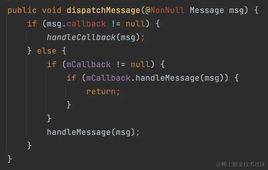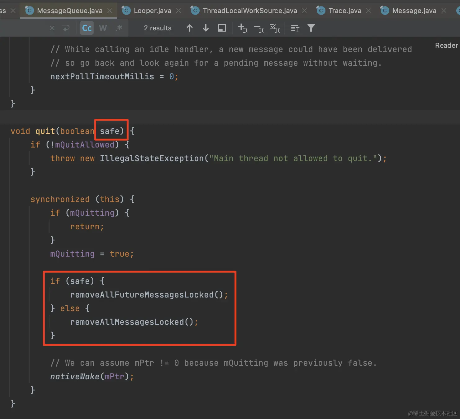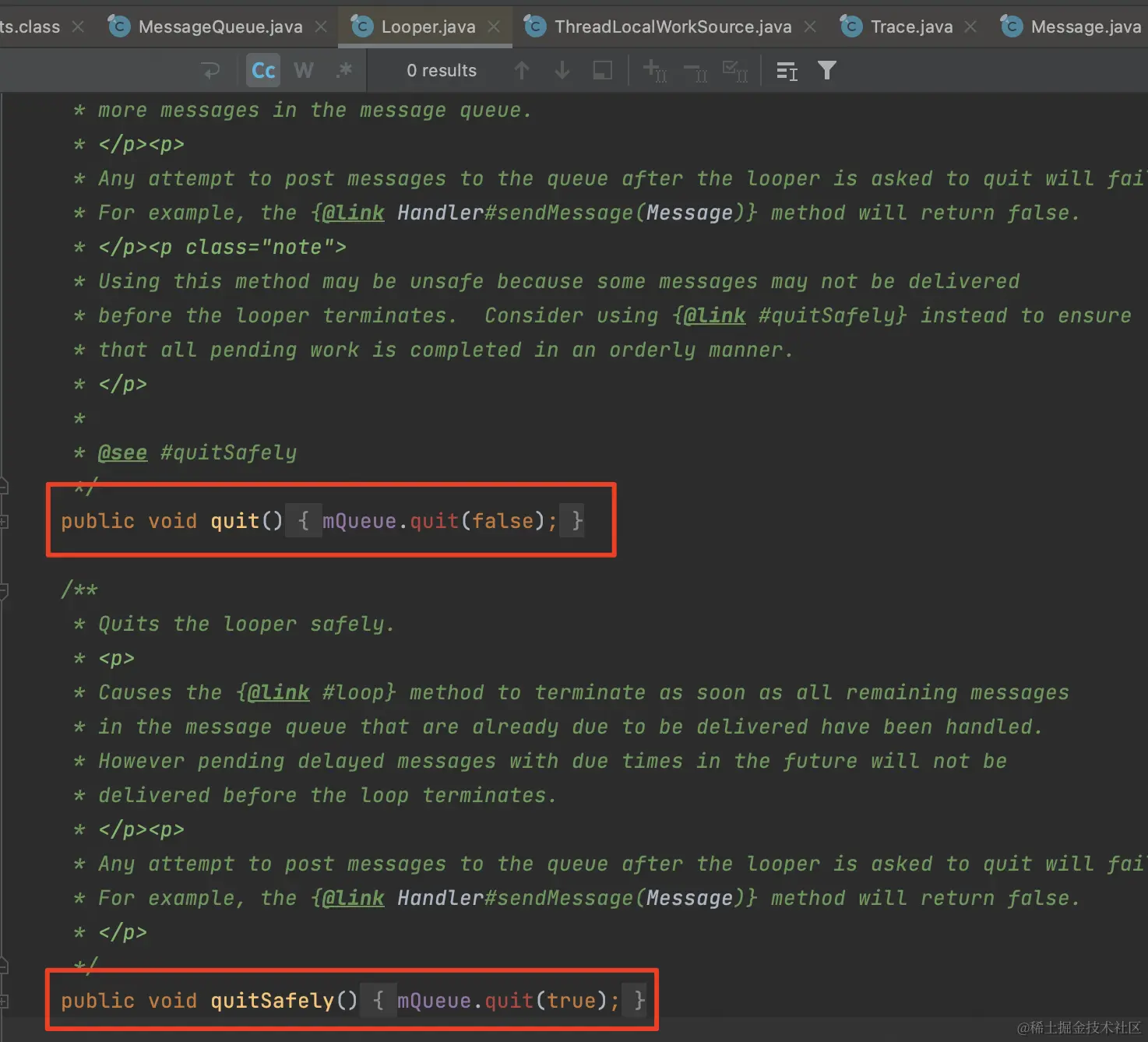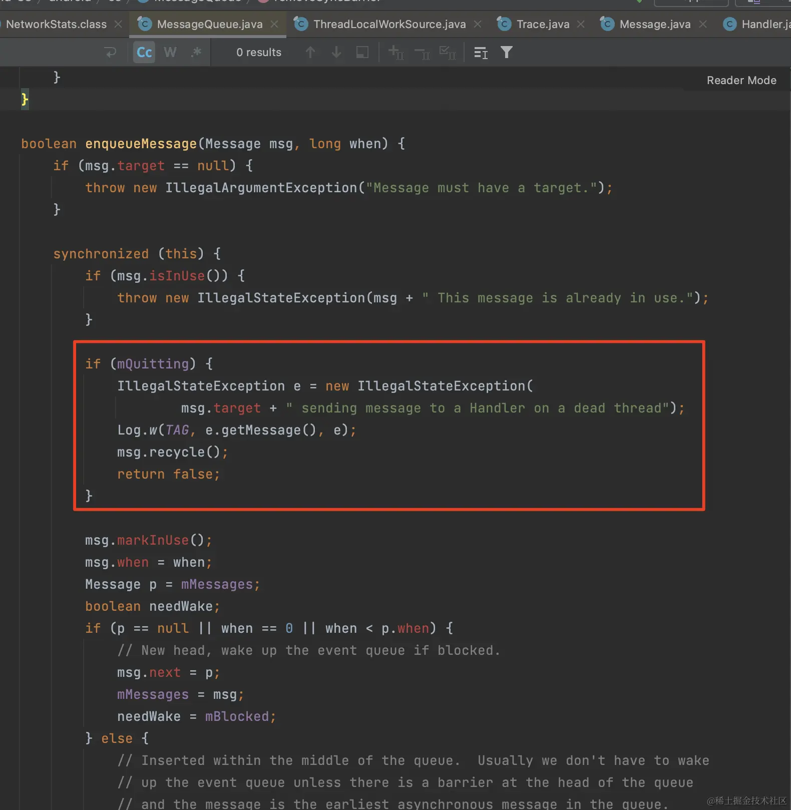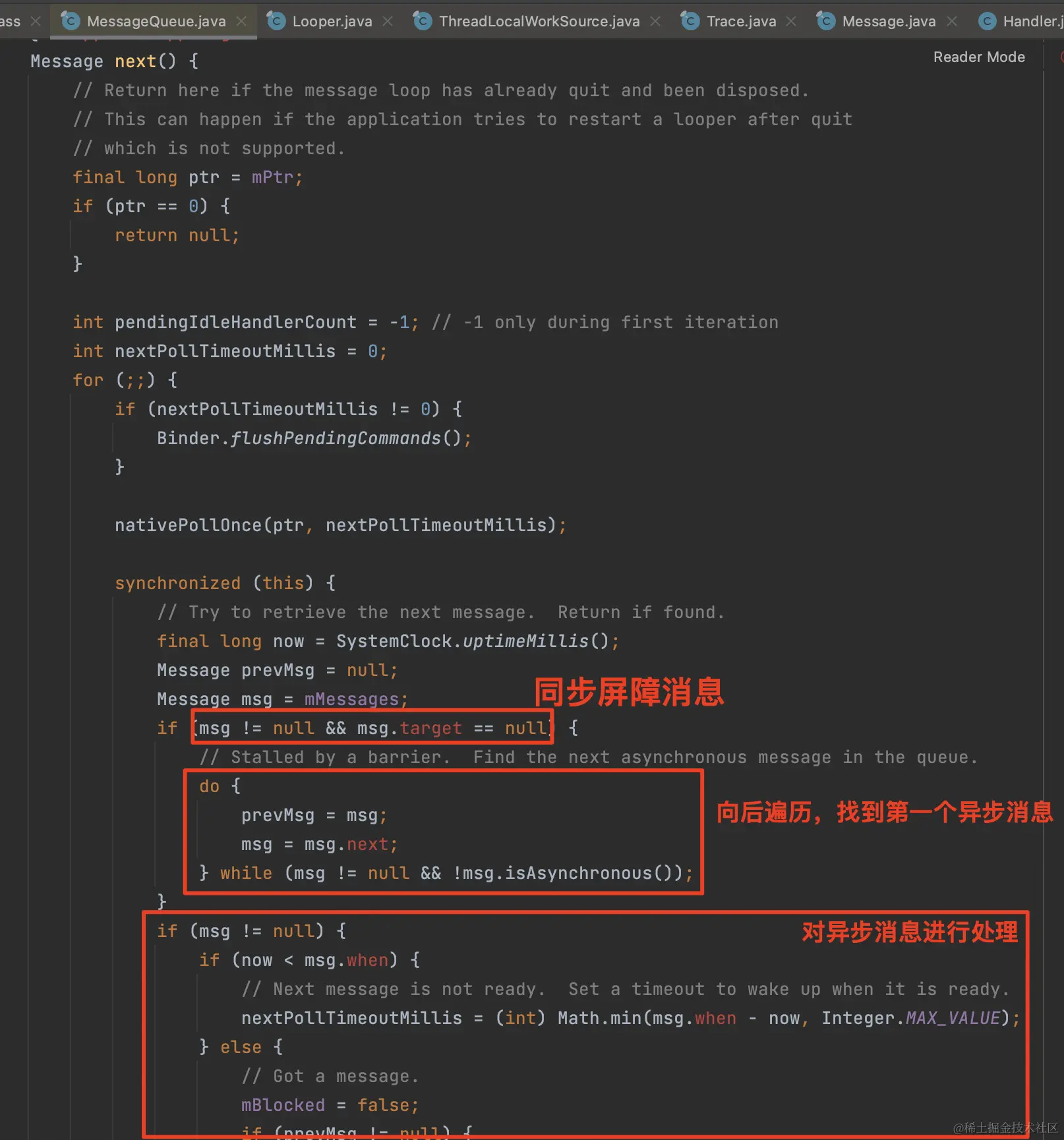 我们都知道Looper的loop是进行消息循环的方法。当退出的时候,MessageQueue的next方法会返回null
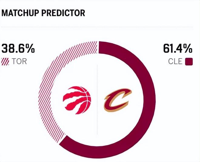 赛前,美媒ESPN对本场比赛进行了胜率预测,骑士队胜率升到61.4% ,猛龙胜率则仅有38.6% ,差距还挺大。
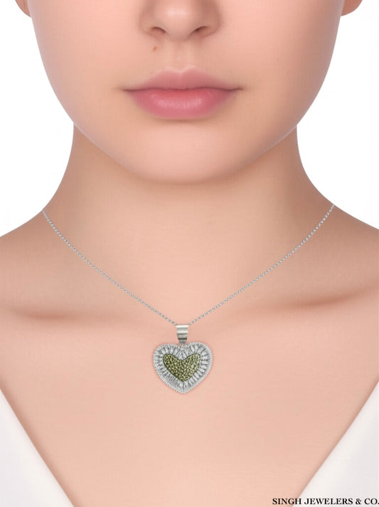 Sterling Silver Yellow & Lime CZ Heart Charm
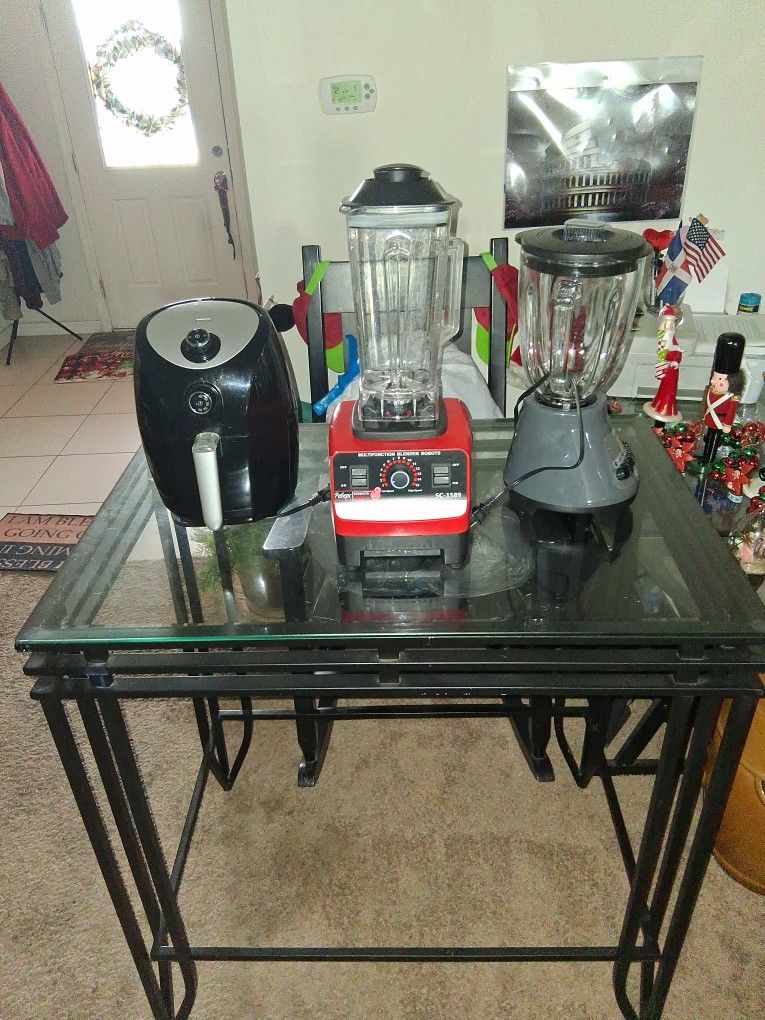 GOOD DAY PPL, BLESSINGS, IM SELLING THIS 4 KITCHEN ITEMS... 1. GLASS DINING TABLE FOR 2 PPL, "CHAIRS NOT INCLUDED". 2. 2 BLENDERS: 1. OSTER CLASSIC+ DURALAST. WORKS PERFECT!! 2. PEBEPC 4500Bt. 3.0MRCA MULTIFUNCTION. WORKS OK! 4. LAST ONE IS A HAMILTON BEACH AIR FRYER GOOD FOR A SINGLE PERSON OR COUPLES. WORKS PERFECT!! IM ASKING ONLY FOR EVERYTHING $95.00!! OBO. (NOT SELLING SEPARATE) IF YOU ARE INTERESTED MSM OR CALL (contact info removed). TY VM. STAY SAFE. HEARD FROM YOU SOON!! MERRY CHRISTMAS! HAPPY NEW YEAR!
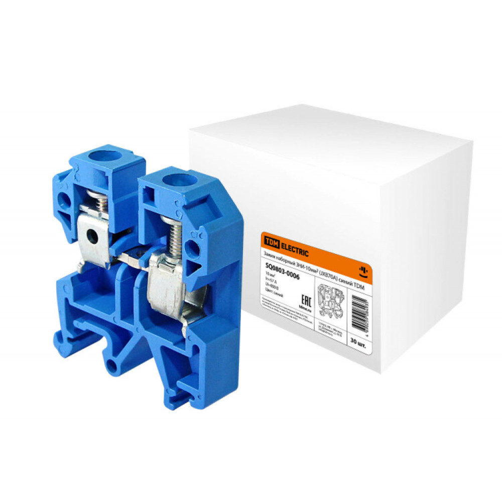 Зажим наборный ЗНИ-10мм2 (JXB70А) синий SQ0803-0006, Клемма на DIN-рейку
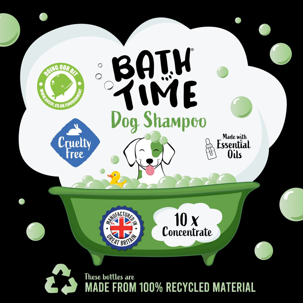 Ancol Bath Time Dog Shampoo with Baby Powder scent offers a gentle, skin-friendly formula suitable for dogs and puppies. It provides effective cleansing using natural essential oils. The 200 ml concentrate can deliver up to 20 washes per bottle. Proudly produced in the UK, the new shampoo bottles are made entirely from post-consumer recycled plastic, and both the bottle and cap are recyclable. This initiative aligns with Ancol's environmental sustainability plan.
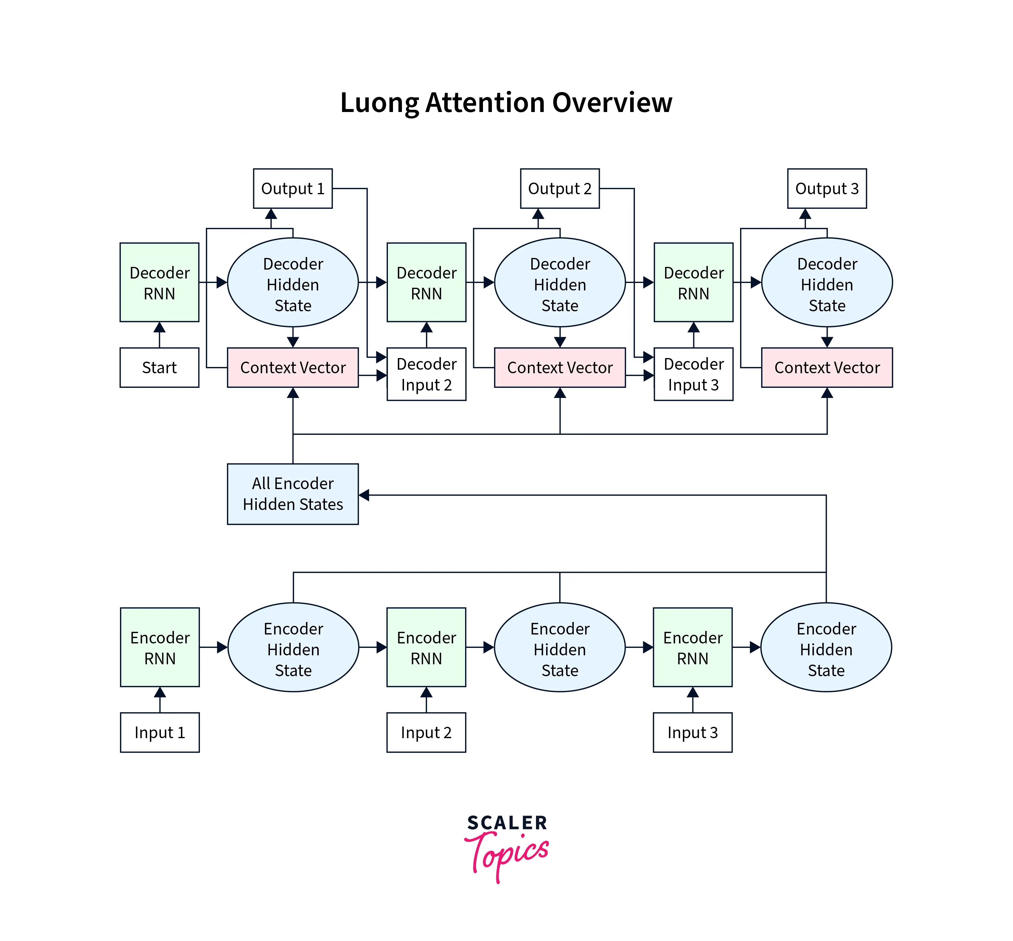 The other type of attention mechanism, called Luong Attention, is discussed below. There are two major differences between Luong Attention and Bahdanau Attention - the calculation of alignment scores and the position of introducing the attention mechanism on the decoder side.
== == ==
Problem: In your copy, reproduce the data above exactly and skip every picture.

Finished exercise:
 我们都知道Looper的loop是进行消息循环的方法。当退出的时候,MessageQueue的next方法会返回null
 赛前,美媒ESPN对本场比赛进行了胜率预测,骑士队胜率升到61.4% ,猛龙胜率则仅有38.6% ,差距还挺大。
 Sterling Silver Yellow & Lime CZ Heart Charm
 GOOD DAY PPL, BLESSINGS, IM SELLING THIS 4 KITCHEN ITEMS... 1. GLASS DINING TABLE FOR 2 PPL, "CHAIRS NOT INCLUDED". 2. 2 BLENDERS: 1. OSTER CLASSIC+ DURALAST. WORKS PERFECT!! 2. PEBEPC 4500Bt. 3.0MRCA MULTIFUNCTION. WORKS OK! 4. LAST ONE IS A HAMILTON BEACH AIR FRYER GOOD FOR A SINGLE PERSON OR COUPLES. WORKS PERFECT!! IM ASKING ONLY FOR EVERYTHING $95.00!! OBO. (NOT SELLING SEPARATE) IF YOU ARE INTERESTED MSM OR CALL (contact info removed). TY VM. STAY SAFE. HEARD FROM YOU SOON!! MERRY CHRISTMAS! HAPPY NEW YEAR!
 Зажим наборный ЗНИ-10мм2 (JXB70А) синий SQ0803-0006, Клемма на DIN-рейку
 Ancol Bath Time Dog Shampoo with Baby Powder scent offers a gentle, skin-friendly formula suitable for dogs and puppies. It provides effective cleansing using natural essential oils. The 200 ml concentrate can deliver up to 20 washes per bottle. Proudly produced in the UK, the new shampoo bottles are made entirely from post-consumer recycled plastic, and both the bottle and cap are recyclable. This initiative aligns with Ancol's environmental sustainability plan.
 The other type of attention mechanism, called Luong Attention, is discussed below. There are two major differences between Luong Attention and Bahdanau Attention - the calculation of alignment scores and the position of introducing the attention mechanism on the decoder side.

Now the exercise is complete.